Today, for the first time, his height was done standing up instead of laying down using the device that babies get measured with :) That is because today is the first time he could stand up well enough! He was 87cm tall, which is just over the 20th Percentile, and he weighed about 11.8kg, which is just below the 15th Percentile. Which is great.
Today, we had a student doctor along with our normal doctor, and we got to start the appointment with the student doctor. The Student Doctor was actually a trained physiotherapist, so she did know stuff about stuff (Ha!) and have experience with children with Cerebral Palsy. She did a full check up on him, checking his chest and ears and throat and all the rest, and she also took his head circumference. She got 43.3cm. I think at last measure, I got about 44.4cm. I know my fellow Mum's of children with Microcephaly will be laughing at that, because we have it down to a fine art when it comes to positioning the tape measure to get the true maximum head circumference (Which is how it is supposed to be done) but health professionals often just slap it on and get a reading without particular care for trying to get the biggest possible measurement... and hey... every millimetre for our kids counts!! LOL So yes, either way, his head is still small.
So the particularly great thing about this appointment was that Joshua was able to debut his solo walking to his Doctor.

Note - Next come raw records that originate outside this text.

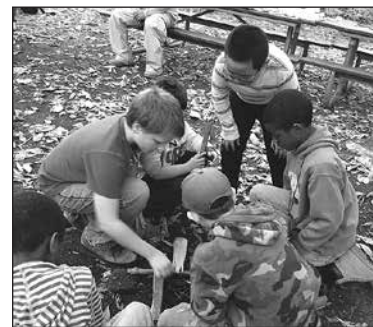
Bears and Webelos work on building a lean-to campfire.

Are you interested in discovering the fun of Cub Scouts with your son? If you would like more information, contact Regina Halper through www.BeAScout.org — just put in the zip code 20705 and look for Cub Pack 1031.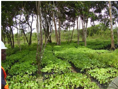
Jatropha nursery at Guyaba

At the Institutional level activities under this thematic area are meant and designed to assist member countries in their efforts to modernize and re-structure their agricultural sectors. By making agriculture more science based and technology driven, it is believed to become more attractive to youngsters and capable of reaching high levels of economic viability.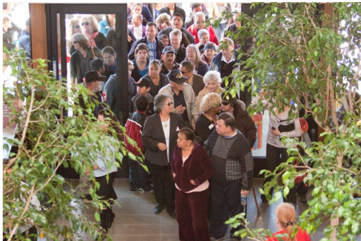
The doors open after the ribbon cutting.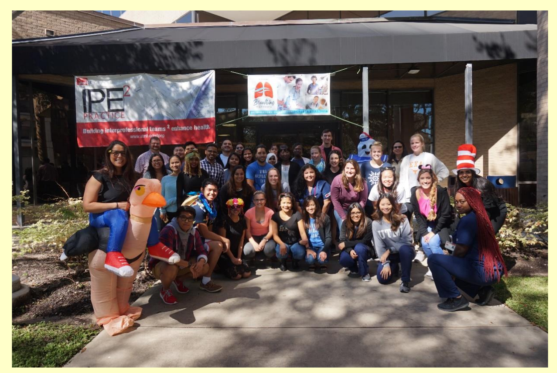
Above RC week student and faculty group photo under the AARC banner in front of the School of Health Professions.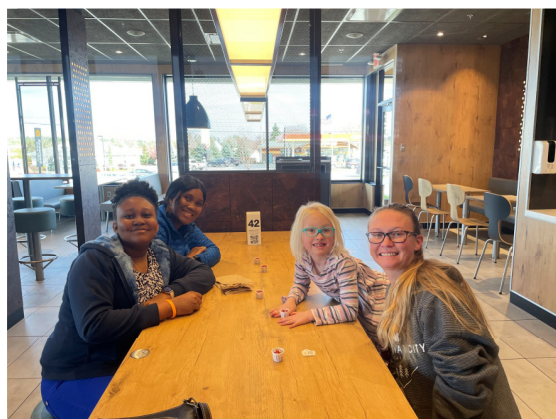
Purchasing Items for Shoe Boxes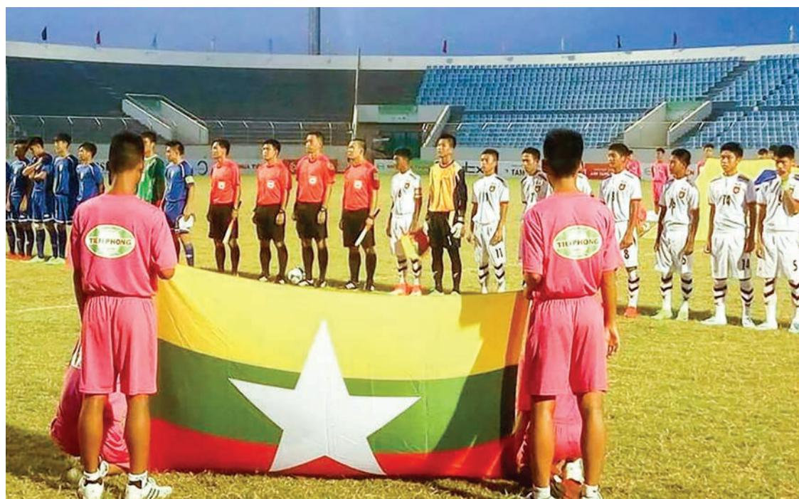
Myanmar youth players sing Myanmar's national anthem before a match.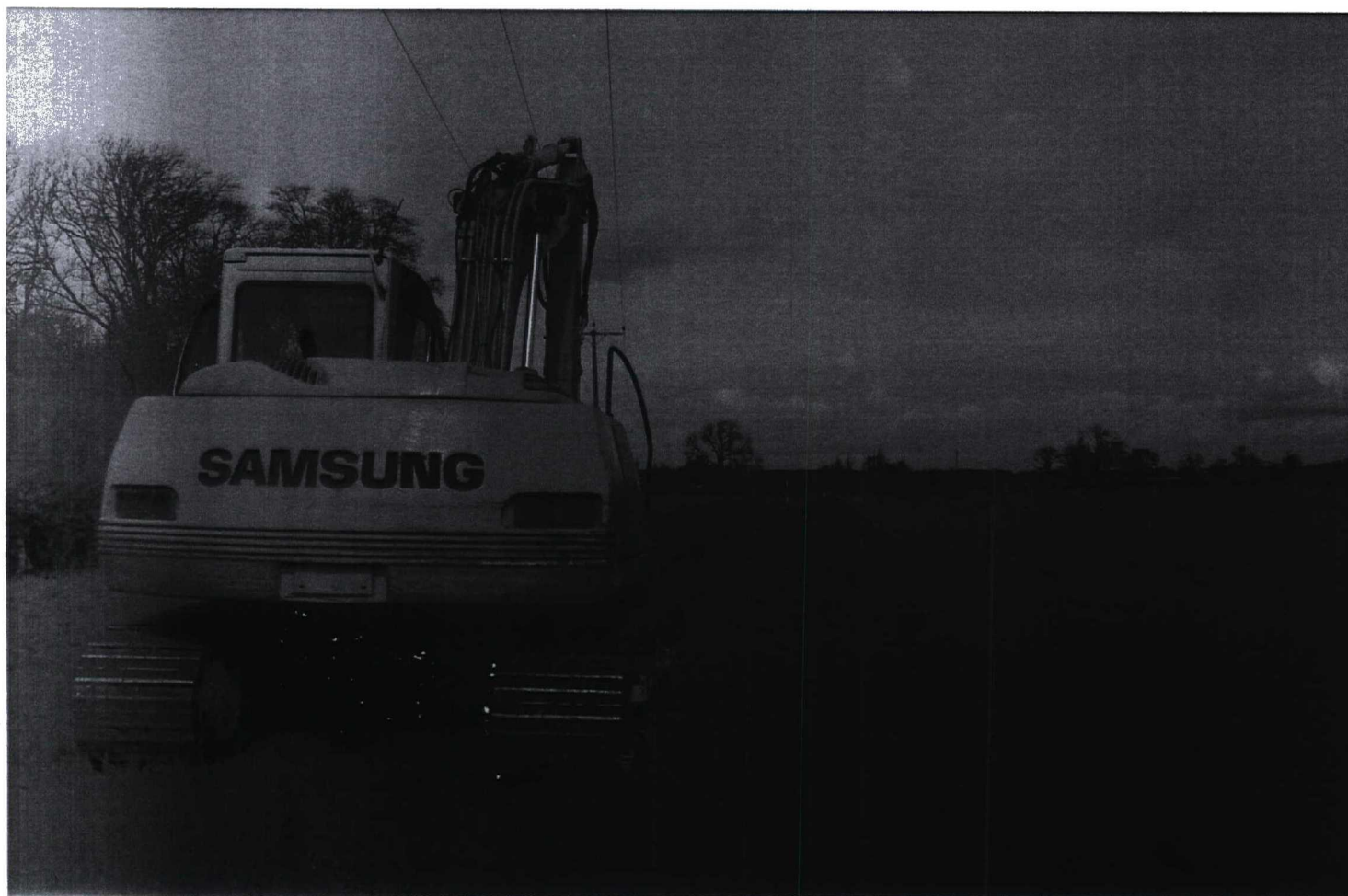
Plate 16. Trench 1 under excavation. Facing north-west.

His Doctor was of course, thrilled to see it. He has told me many times that Joshua is doing so much better than expected and he said it again today. That for the severity of the insult to his brain that Joshua suffered as a baby, he would never have imagined that he would be seeing him like this. I told him "well there you go, when you see babies like that, don't doubt them!" Hah! He says he although he doesn't see a lot of children like Joshua, Joshua is the first one he has ever seen "get better" over time, that every other child he has seen has either gotten worse or just stayed stable. He asked me if there was anything in particular that we have done over the last 6 months or so that has contributed to Joshua's great gains and I said No, honestly, it is just him and the fact that he wants to do things. That is the truth. I know it would sound great to say it was due to a lot of hard work on my part, or that we'd found a magical therapy that has amazing results, but we haven't. We've only ever done conventional therapies like Physiotherapy and Occupational Therapy and compared to a lot of parents, I think my focus on "therapy" is a lot less, this is all Joshua. He woke up one day and decided he wanted to walk. He walked with his walker for 6 months and then took his first independent steps when he felt like it. He is doing great with his walking. He still falls a lot, and still crawls as well, but he is doing a lot of walking around the house and I don't take his walker to day care anymore either. We have been taking a break from day time AFOs since he started walking independently but I think we need to get back into using them, at least on the right foot, as it does do a lot of silly things still. The left leg is not too bad.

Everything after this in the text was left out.